- **WORK ORDER**: Please quote exactly the lines below from the line containing "2年生体育 公開日 2010/03/12" to the line containing "三等獎:BIM技術在煤氣凈化", both lines included, and nothing else.

- **PROVIDED RECORDS**:
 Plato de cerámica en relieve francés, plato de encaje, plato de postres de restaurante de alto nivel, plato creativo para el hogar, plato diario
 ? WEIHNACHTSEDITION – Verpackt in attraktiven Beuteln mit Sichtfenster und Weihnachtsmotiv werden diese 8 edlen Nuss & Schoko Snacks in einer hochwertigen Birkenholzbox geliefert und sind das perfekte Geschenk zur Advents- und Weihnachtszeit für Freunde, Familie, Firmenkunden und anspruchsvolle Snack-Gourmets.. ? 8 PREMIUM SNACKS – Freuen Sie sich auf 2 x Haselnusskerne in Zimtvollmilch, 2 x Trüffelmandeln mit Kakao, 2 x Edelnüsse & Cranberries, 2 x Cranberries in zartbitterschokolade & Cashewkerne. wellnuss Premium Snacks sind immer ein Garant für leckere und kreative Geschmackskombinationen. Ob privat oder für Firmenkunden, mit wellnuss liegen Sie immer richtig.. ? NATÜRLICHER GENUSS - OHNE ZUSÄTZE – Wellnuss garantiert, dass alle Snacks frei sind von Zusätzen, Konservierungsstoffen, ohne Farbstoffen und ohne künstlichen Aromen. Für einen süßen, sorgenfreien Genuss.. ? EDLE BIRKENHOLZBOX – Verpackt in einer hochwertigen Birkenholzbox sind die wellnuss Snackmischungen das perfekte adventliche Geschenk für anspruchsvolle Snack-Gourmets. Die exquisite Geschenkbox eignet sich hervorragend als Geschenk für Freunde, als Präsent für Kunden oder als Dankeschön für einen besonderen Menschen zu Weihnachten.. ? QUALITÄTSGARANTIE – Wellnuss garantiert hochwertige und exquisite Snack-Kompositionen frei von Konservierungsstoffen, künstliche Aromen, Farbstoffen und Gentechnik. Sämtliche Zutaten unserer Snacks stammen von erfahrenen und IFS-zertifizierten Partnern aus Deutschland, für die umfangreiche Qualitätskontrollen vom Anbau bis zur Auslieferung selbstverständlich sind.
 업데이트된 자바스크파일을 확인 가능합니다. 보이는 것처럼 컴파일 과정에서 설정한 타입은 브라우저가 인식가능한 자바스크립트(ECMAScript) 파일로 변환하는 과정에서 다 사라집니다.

--

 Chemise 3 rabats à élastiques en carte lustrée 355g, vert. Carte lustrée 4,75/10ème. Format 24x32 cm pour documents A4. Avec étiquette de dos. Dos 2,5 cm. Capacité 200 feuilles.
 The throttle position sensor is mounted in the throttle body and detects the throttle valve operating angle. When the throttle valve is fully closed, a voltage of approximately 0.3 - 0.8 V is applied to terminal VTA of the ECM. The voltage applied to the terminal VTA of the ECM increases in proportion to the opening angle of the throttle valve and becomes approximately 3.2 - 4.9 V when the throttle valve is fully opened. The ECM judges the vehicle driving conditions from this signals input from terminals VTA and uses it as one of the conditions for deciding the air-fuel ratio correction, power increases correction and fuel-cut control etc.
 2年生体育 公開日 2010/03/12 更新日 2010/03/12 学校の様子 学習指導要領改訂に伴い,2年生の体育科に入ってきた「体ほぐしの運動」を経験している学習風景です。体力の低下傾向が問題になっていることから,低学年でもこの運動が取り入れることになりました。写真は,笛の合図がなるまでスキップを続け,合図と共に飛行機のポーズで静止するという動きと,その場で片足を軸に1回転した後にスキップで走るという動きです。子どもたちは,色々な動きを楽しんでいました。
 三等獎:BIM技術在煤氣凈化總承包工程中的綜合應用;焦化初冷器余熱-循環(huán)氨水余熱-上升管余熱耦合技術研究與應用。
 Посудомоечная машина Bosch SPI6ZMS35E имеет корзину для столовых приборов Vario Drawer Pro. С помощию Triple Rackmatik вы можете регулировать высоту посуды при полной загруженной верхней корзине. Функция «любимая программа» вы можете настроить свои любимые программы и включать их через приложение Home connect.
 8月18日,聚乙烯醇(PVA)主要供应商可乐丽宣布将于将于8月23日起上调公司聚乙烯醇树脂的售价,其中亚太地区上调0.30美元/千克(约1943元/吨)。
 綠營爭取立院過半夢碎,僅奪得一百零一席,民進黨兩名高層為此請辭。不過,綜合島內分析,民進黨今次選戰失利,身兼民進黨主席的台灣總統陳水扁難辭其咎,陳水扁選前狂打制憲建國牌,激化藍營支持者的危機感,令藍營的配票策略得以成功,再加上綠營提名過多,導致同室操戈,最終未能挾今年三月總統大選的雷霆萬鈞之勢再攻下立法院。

- **PROBLEM SOLUTION**:
 2年生体育 公開日 2010/03/12 更新日 2010/03/12 学校の様子 学習指導要領改訂に伴い,2年生の体育科に入ってきた「体ほぐしの運動」を経験している学習風景です。体力の低下傾向が問題になっていることから,低学年でもこの運動が取り入れることになりました。写真は,笛の合図がなるまでスキップを続け,合図と共に飛行機のポーズで静止するという動きと,その場で片足を軸に1回転した後にスキップで走るという動きです。子どもたちは,色々な動きを楽しんでいました。
 三等獎:BIM技術在煤氣凈化總承包工程中的綜合應用;焦化初冷器余熱-循環(huán)氨水余熱-上升管余熱耦合技術研究與應用。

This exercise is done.